Alignment with arbitrary root terms

The odk:check-align command can also be used to check alignment against an arbitrary set of root terms, independently of any upper-level ontology.

Root terms to check alignment against can be specified using the --term option (one term per option) or the --term-file option (which expects a path to a file containing one term per line, ignoring blank lines and lines starting with #).

Use the --use-self true to perform a “self-alignment” check: this will use any “preferred root term” self-declared within the ontology itself by means of the IAO:0000700 annotation.

Those options, as well as the options from the previous section, have cumulative effects. For example, the following command:

robot odk:check-align --input uberon.owl \
                      --use-self true \
                      --term UBERON:0000000

will check the alignment of UBERON classes against both its self-declared roots and the additional UBERON:0000000 root. That is, the ontology will be considered “aligned” if all its classes are subclasses of any of the self-declared roots or of UBERON:0000000.

Similarly, with the following command:

robot odk:check-align --input uberon.owl \
                      --use-cob true \
                      --use-self true

the ontology will be considered “aligned” if all its subclasses are subclasses of any of the COB roots or of any of the self-declared roots.

To check that all classes are subclasses of any of the upper ontology roots and additionally that they are also subclasses of any of the self-declared roots, perform the two checks separately:

robot odk:check-align --input uberon.owl \
                      --use-cob true \
      odk:check-align --use-self true

Notes about reasoning

The alignment check requires the use of a reasoner. As with all ROBOT commands that needs a reasoner, you can specify the reasoner to use with the -r, --reasoner option.

Importantly, limitations of the reasoner used may cause some classes to be falsely flagged as non-aligned, if they are logically defined using some class expressions that are not fully supported by the reasoner. To avoid that, if the ontology is known to use class expressions that the reasoner might not support, it is advised to relax the ontology prior to checking its alignment:

robot relax --input uberon.owl \
      odk:check-align --use-cob true

Validation results

By default, the command will fail (forcibly interrupting any pipeline it is a part of in the process) if the ontology is not aligned.

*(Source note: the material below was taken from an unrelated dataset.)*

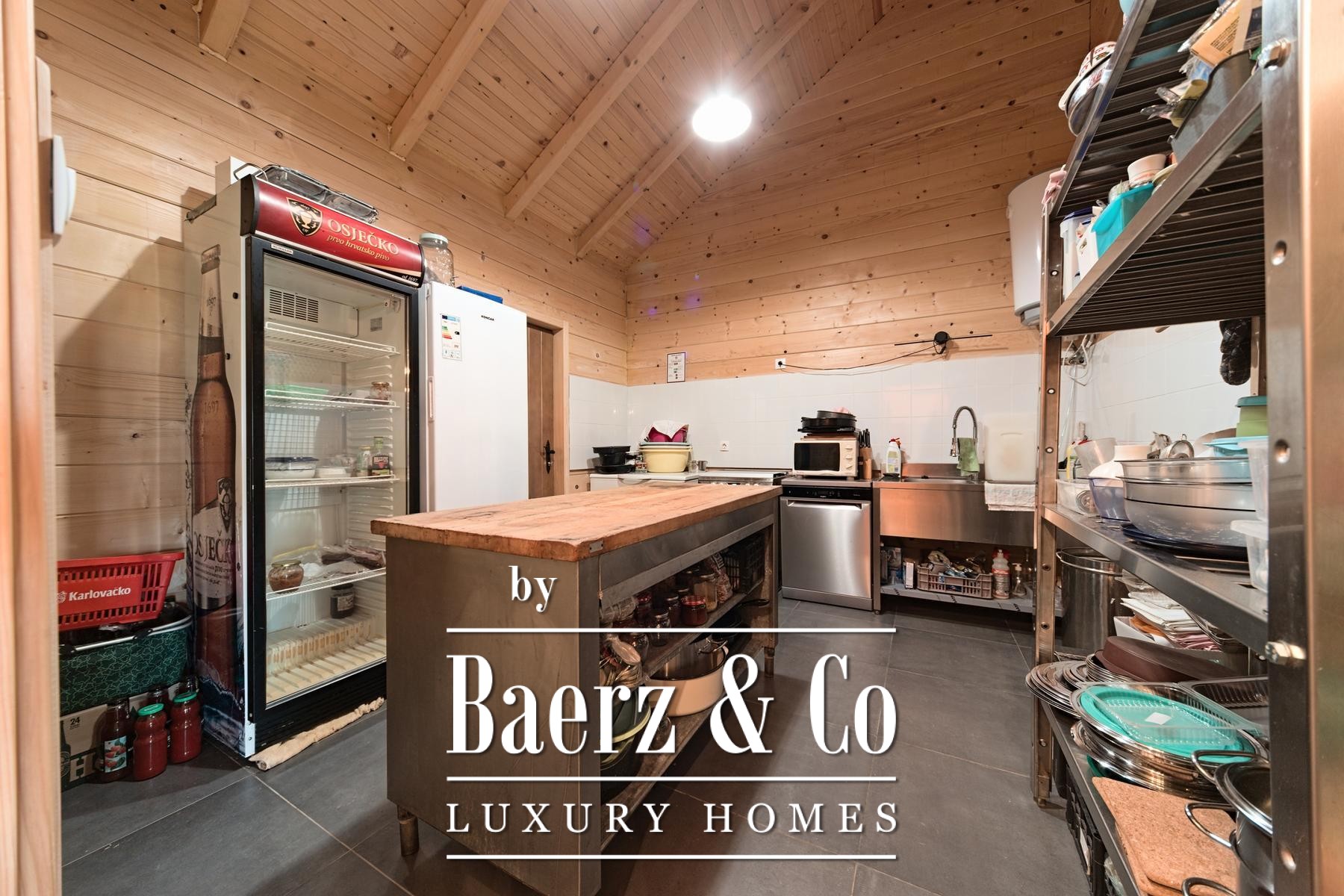 Dit zakelijk complex Draž bevindt zich in het hart van Baranja en biedt een gevestigd accommodatieportfolio op een perceel van 16.000 m². Het geheel omvat een hoofdwoning en zes verhuurhuizen en presenteert zich als een zeldzame kans voor veeleisende investeerders die een positie zoeken in een van de dynamische grensregio’s van Kroatië. De hoofdresidentie, gebouwd in 2023, beschikt over een veelzijdige evenementenruimte geschikt voor maximaal 50 gasten, een bar, een doordachte keuken, bijruimten, sanitaire voorzieningen, en tien bedden op de bovenverdieping. Airconditioning, centrale verwarming via een pelletsysteem en internetverbinding zorgen het hele jaar door voor comfort en moeiteloze exploitatie. Zes parkeerplaatsen bevinden zich aan de voorzijde van het gebouw.
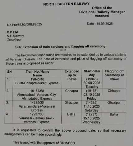 इसी क्रम में ट्रेन नम्बर 14235/36 जो बरेली से वाराणसी तक चलती है उसका विस्तार करते हुए गाजीपुर तक कर दिया गया है। इसका 11 अक्टुबर को शुभारंभ होगा।।इसी तरह ट्रेन नम्बर 12237/38 वालाजम्मूतवी को बलिया तक विस्तार मिला है। इसे 15 अक्टुबर से चलाने का निर्णय हुआ है।ट्रेन नम्बर 19167/68 वाराणसी सीटी से  अहमदाबाद चलने वाली गाड़ी को छपरा तक चलाने का निर्णय किया गया है। यह गाड़ी तीन अक्टुबर से चलेगी।सूरत से छपरा तक चलने वाली गाड़ी संख्या 19045/46 को थावें तक चलाने का निर्णय लिया गया है, जो 30 सितम्बर से चलने लगेगी।

Use the --fail false option to allow the pipeline to continue without erroring out.

If the pipeline continues (either because the ontology is aligned, or because --fail false was used), the next command in the pipeline receives the original, unmodified ontology.

To produce a report from the validation results, use the --report-output <FILE> option. The file will contain a list of all the top-level classes (if any) of the input ontology that are not aligned against the upper ontology.

Restricting the scope of the validation

By default, the command checks the alignment of every single class found in the input ontology.

To only check the alignment of classes in a given namespace, use the --base-iri <NAMESPACE> option – that option may be used repeatedly to check classes in more than one namespace.

For example, to check the alignment of all classes in the OBO UBERON namespace against COB:

robot odk:check-align --input uberon.owl \
                      --base-iri http://purl.obolibrary.org/obo/UBERON_

Furthermore, if the --ignore-dangling true option is used, dangling classes are ignored. In the context of this command, a class is considered “dangling” if the ontology contains no defining axioms (excluding disjointness axioms) and no annotation assertion axioms for the class. You may want to use that option if you are not restricting the alignment check to your ontology’s namespace, to avoid failing the check for any single dangling class that is merely referenced from your ontology. On the other hand, including dangling classes in the check (which is the case by default) could be a way to check that your ontology does not reference dangling classes (which could indicate that you are missing some imports).